What is being asked
Repeat, word for word, all the data that follows, and exclude the pictures.

Source data

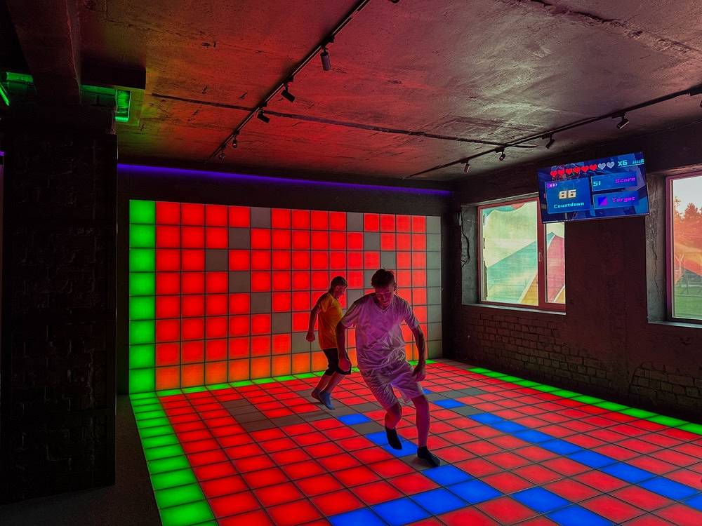 - Pikseļu istaba – unikāla izklaides telpa ar interaktīvu LED grīdu, kas reaģē uz kustībām un pārvērš spēli par aizraujošu izaicinājumu;
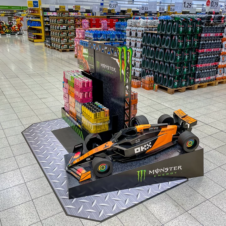 Jedním z technicky nejnáročnějších prvků celé instalace byla bezesporu výroba samotného modelu formule. Převod 3D vizualizace do výsledného výrobního výkresu byla samozřejmě práce pro firemní oddělení konstrukce. Pro něj byla z hlediska konstrukční náročnosti největší výzvou práce s oblými plochami – tak, aby se co nejvíce zachoval vizuální charakter modelu a zároveň byl tvar realizovatelný v reálné výrobě. Sestavení vzorového modelu trvalo přibližně 3,5 hodiny, pro sériovou výrobu byla samozřejmě doba optimalizována. Formule je vyrobena z kombinace různých materiálů – základ tvoří vlnitá lepenka, osy kol jsou z PVC trubek, dekorativní detaily jako zrcátka a závěsy kol z PSH plastu tloušťky. Některé prvky (např. drobné detaily) vznikly pomocí 3D tisku, kola byla tvořena z extrudovaného polystyrenu.
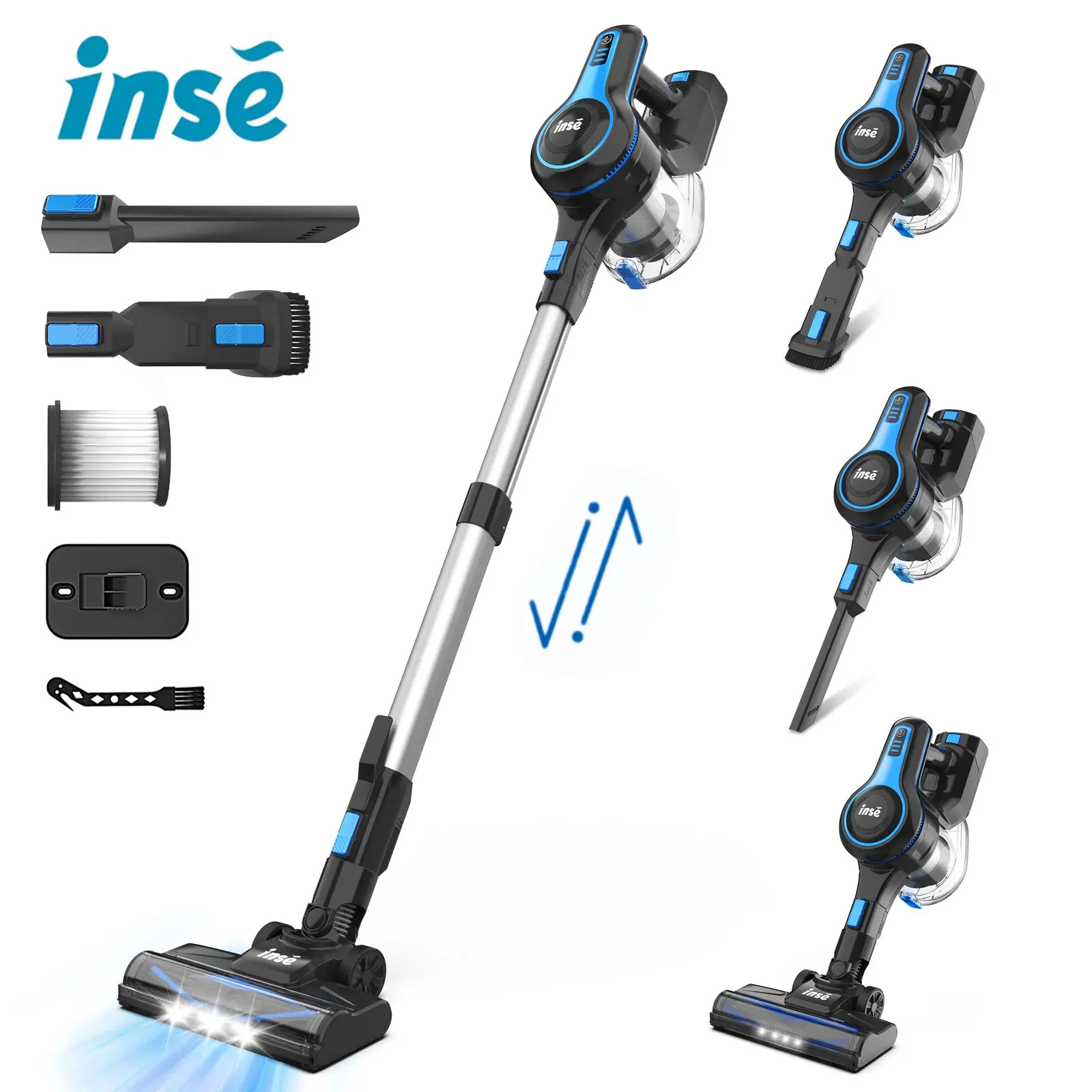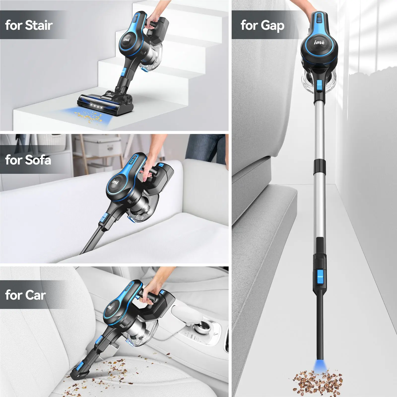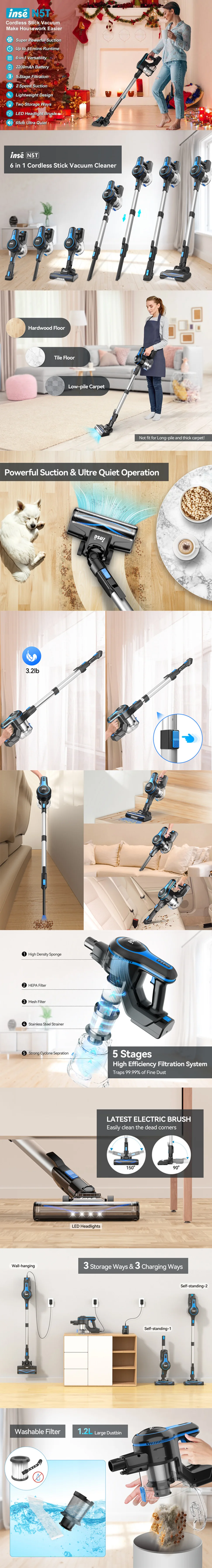 The Inse N5S cordless vacuum cleaner comes with multiple accessories and can be combined in 6 different ways to clean floors, sofas, curtains, desks, and other occasions without any problems.

Reply to the task
 - Pikseļu istaba – unikāla izklaides telpa ar interaktīvu LED grīdu, kas reaģē uz kustībām un pārvērš spēli par aizraujošu izaicinājumu;
 Jedním z technicky nejnáročnějších prvků celé instalace byla bezesporu výroba samotného modelu formule. Převod 3D vizualizace do výsledného výrobního výkresu byla samozřejmě práce pro firemní oddělení konstrukce. Pro něj byla z hlediska konstrukční náročnosti největší výzvou práce s oblými plochami – tak, aby se co nejvíce zachoval vizuální charakter modelu a zároveň byl tvar realizovatelný v reálné výrobě. Sestavení vzorového modelu trvalo přibližně 3,5 hodiny, pro sériovou výrobu byla samozřejmě doba optimalizována. Formule je vyrobena z kombinace různých materiálů – základ tvoří vlnitá lepenka, osy kol jsou z PVC trubek, dekorativní detaily jako zrcátka a závěsy kol z PSH plastu tloušťky. Některé prvky (např. drobné detaily) vznikly pomocí 3D tisku, kola byla tvořena z extrudovaného polystyrenu.
 The Inse N5S cordless vacuum cleaner comes with multiple accessories and can be combined in 6 different ways to clean floors, sofas, curtains, desks, and other occasions without any problems.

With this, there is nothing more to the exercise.